● TRY IT
Your answer must be the lines from the top of the listing below through the line that holds "Tavolo frigorifero 700", retyped exactly, with no pictures.

● GIVEN DATA
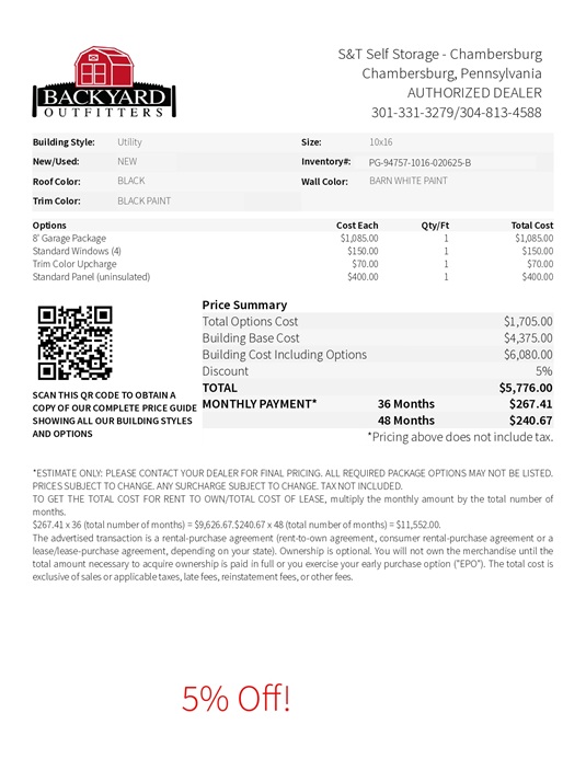 | Cash Price | $5,776.00 + tax after 5% OFF | |
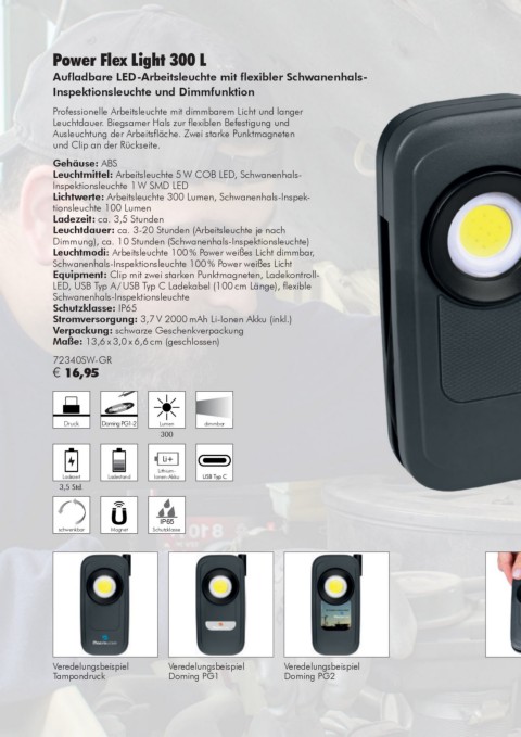 Lichtwerte: Arbeitsleuchte 300 Lumen, Schwanenhals-Inspek-
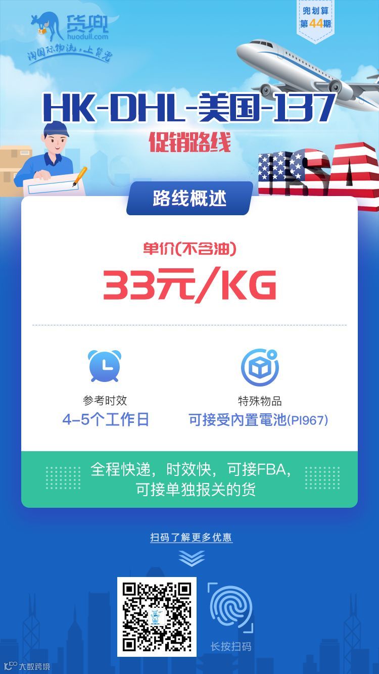 兜划算 | 香港DHL发美国4-5个工作日,33元/kg起
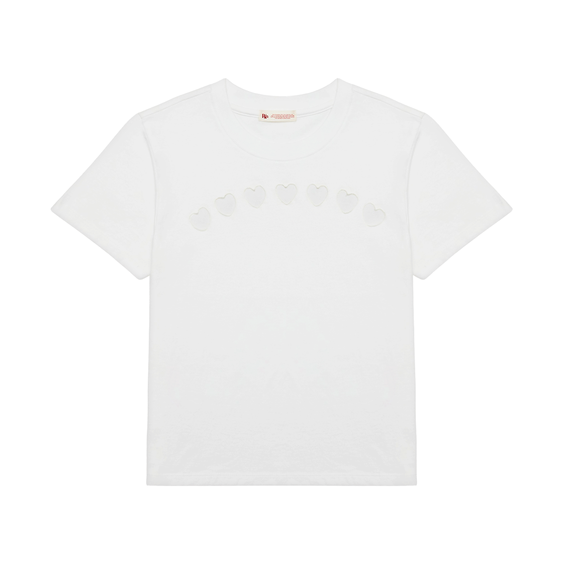 로긴 앤 로지 하트 펀칭 코튼 티셔츠 화이트
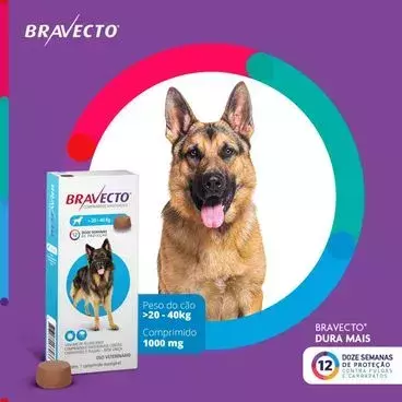Bravecto 20 a 40kg elimina pulgas e carrapatos com uma única dose, protegendo seu cão e sua casa por até 12 semanas. Desenvolvido pela MSD Saúde Animal, o antipulgas tem ação rápida, longa duração e de fácil administração, garantindo eficácia no combate às infestações.
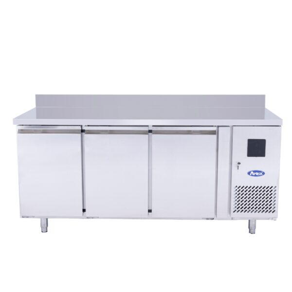 Tavolo frigorifero 700 TN 3 porte GN1/1 con alzatina. Tropicalizzato. Con alzatina e top in acciaio AISI 304. Dimensioni: 179,5 x 70 x H 85 cm. Capacità lorda: 420 lt. Temperatura: -2°C/+8°C.
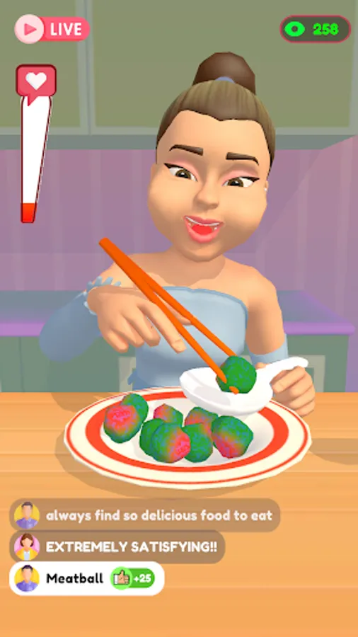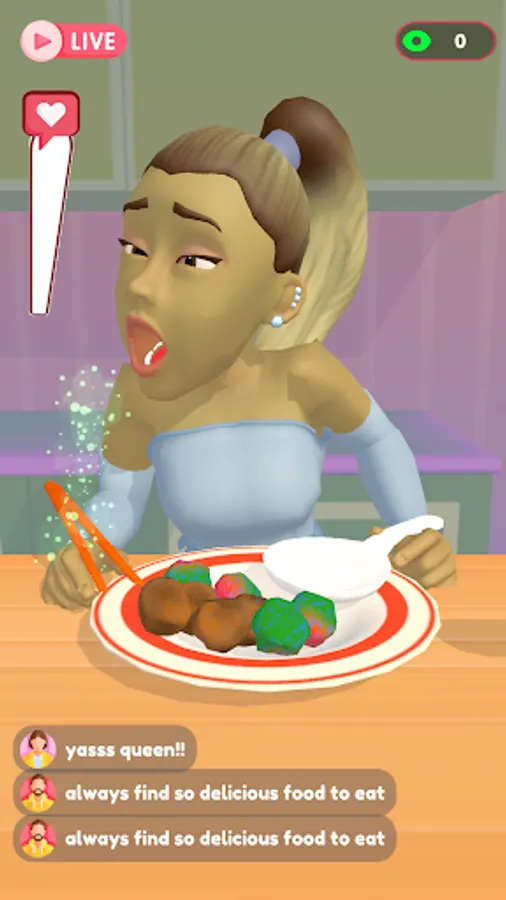 Eat delicious foods requested by viewers to your video and see how your character will react!
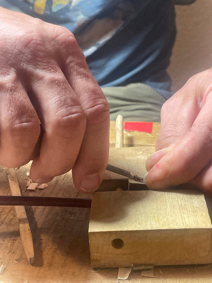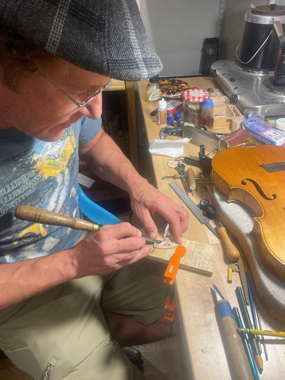 As Will talked to me, he worked on a bow. He asked me, “Do you know what a wedge is?” Well, I know what a wedge is in the general sense, but related to the bow? Even though I just had a bow rehaired by Will, I did not really know the anatomy. In front of my eyes, Will whittled away at a tiny piece of Willow to make an exactly sized and shaped tiny wedge to insert into a socket in the frog. He explained that it keeps the ribbon of horse hair spread out like it needs to be. While the bow hairs were waiting for the wedge to be inserted to keep them in place, Will used a dog comb that he had crafted to spread the hairs out to ready them for the wedge. It was quite satisfying when he was able to perfectly insert that wedge into the socket. After that, I was curious how the horse hair is attached to the bow tip. He extracts a plug from the tip mortise that holds the hairs in place. I told him it reminded me of tooth extraction. He laughed and it said it kind of does. Then we talked about dental work for a bit. Ha!
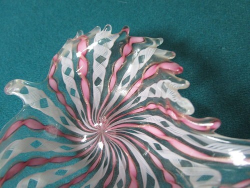 - Crystal Venetian Vanity Dish Leaf Shaped Pink And White Waved & Roped Design
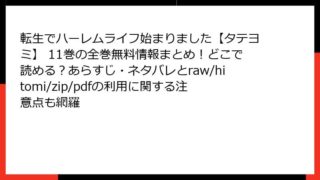 転生でハーレムライフ始まりました【タテヨミ】 転生でハーレムライフ始まりました【タテヨミ】 11巻の全巻無料情報まとめ!どこで読める?あらすじ・ネタバレとraw/hitomi/zip/pdfの利用に関する注意点も網羅 転生でハーレムライフ始まりました【タテヨミ】 11巻:異世界転生の甘美なるハーレム冒険譚 異世界転生ジャンルの人気作として知られる『転生でハーレムライフ始まりました【タテヨミ】』は、主人公が現代からファンタジー世界へ転生し、美少女たちに囲ま... 2025.11.03 転生でハーレムライフ始まりました【タテヨミ】青年マンガ
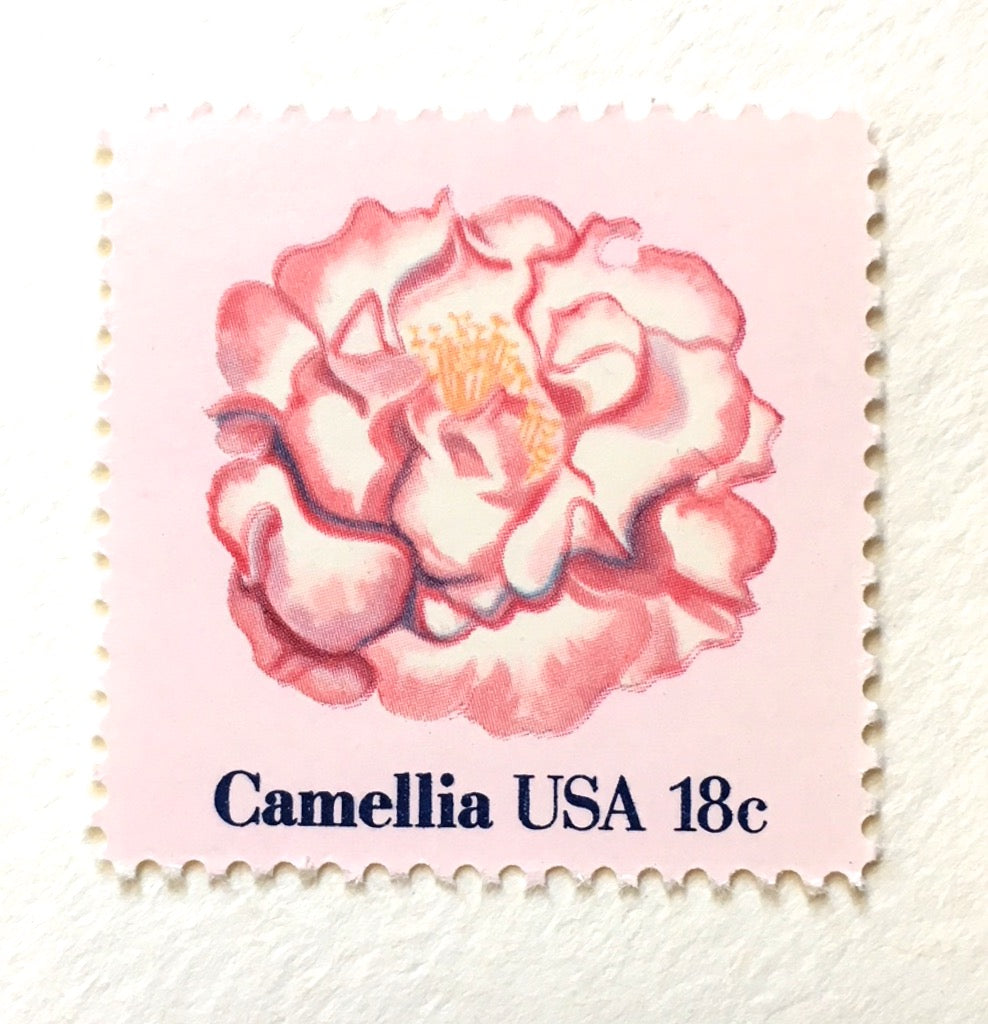 10 Pink Camellia Flower 18 Cent Stamps Unused Vintage Floral Postage Pink Botanical Flower Garden Stamps for Mailing
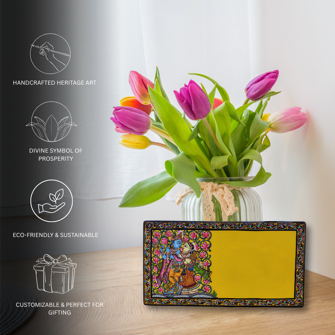 Celebrate divine love and artistry with our Handcrafted Radha Krishna Pattachitra Plywood Nameplate, a perfect blend of tradition, devotion, and craftsmanship.
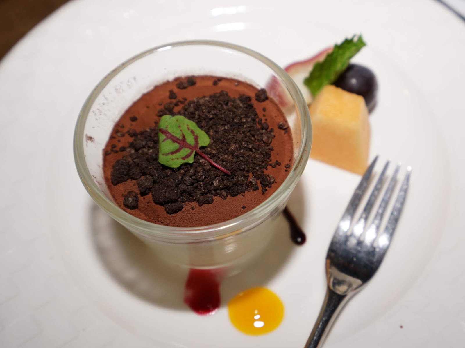 最後還有這道野菇起司燉飯,以牛肝菌菇煮成的醬汁加入生米在鐵板上現場熬煮而成,子套餐還會再綴上金箔,如果是商業套餐就沒有金箔裝飾,但味道一樣好吃!
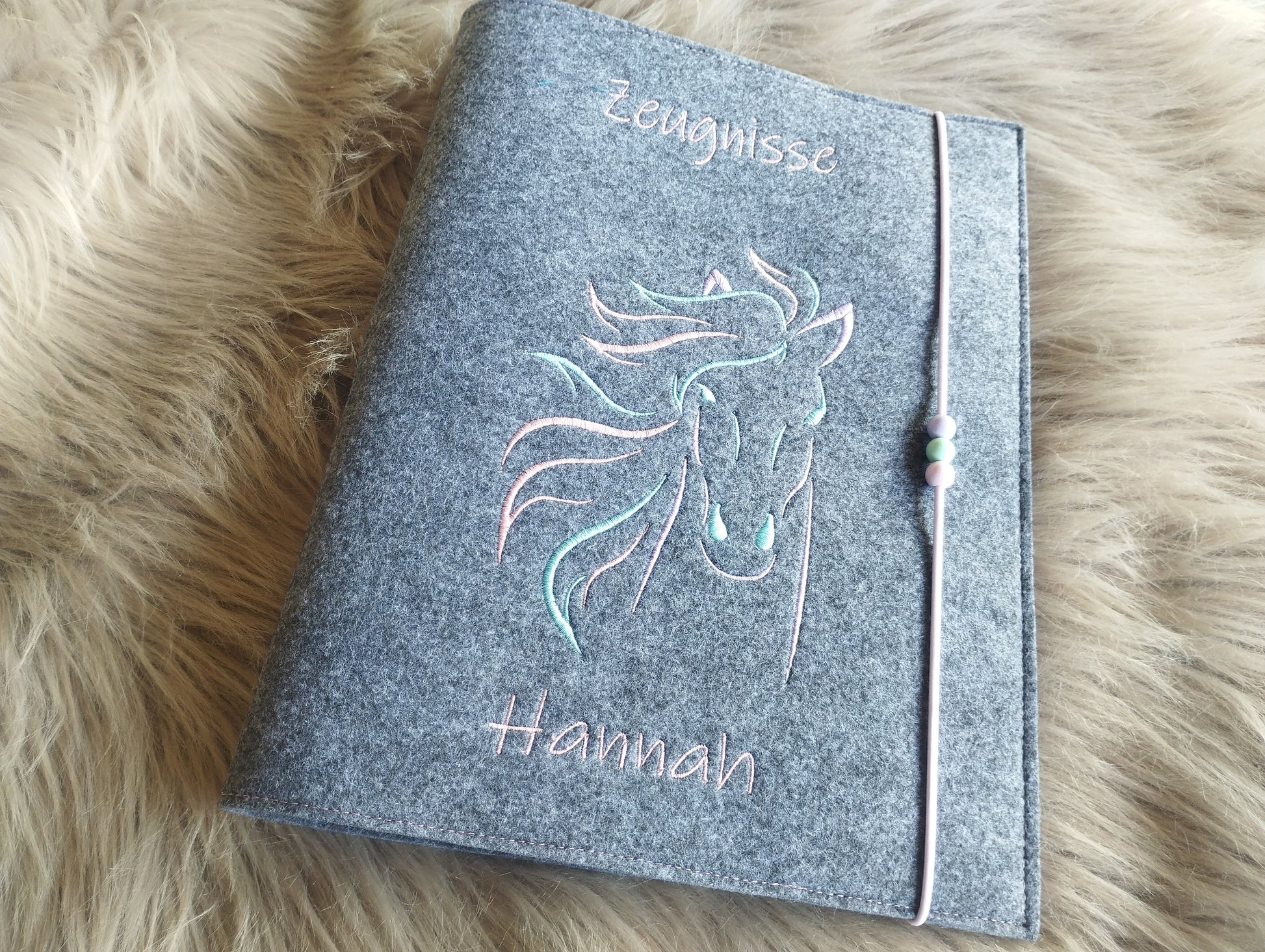 Zeugnismappe Zeugnisse Wunschnamen Geschenk Erinnerung Einschulung Filz Pferd

● RESPONSE BELOW
 | Cash Price | $5,776.00 + tax after 5% OFF | |
 Lichtwerte: Arbeitsleuchte 300 Lumen, Schwanenhals-Inspek-
 兜划算 | 香港DHL发美国4-5个工作日,33元/kg起
 로긴 앤 로지 하트 펀칭 코튼 티셔츠 화이트
Bravecto 20 a 40kg elimina pulgas e carrapatos com uma única dose, protegendo seu cão e sua casa por até 12 semanas. Desenvolvido pela MSD Saúde Animal, o antipulgas tem ação rápida, longa duração e de fácil administração, garantindo eficácia no combate às infestações.
 Tavolo frigorifero 700 TN 3 porte GN1/1 con alzatina. Tropicalizzato. Con alzatina e top in acciaio AISI 304. Dimensioni: 179,5 x 70 x H 85 cm. Capacità lorda: 420 lt. Temperatura: -2°C/+8°C.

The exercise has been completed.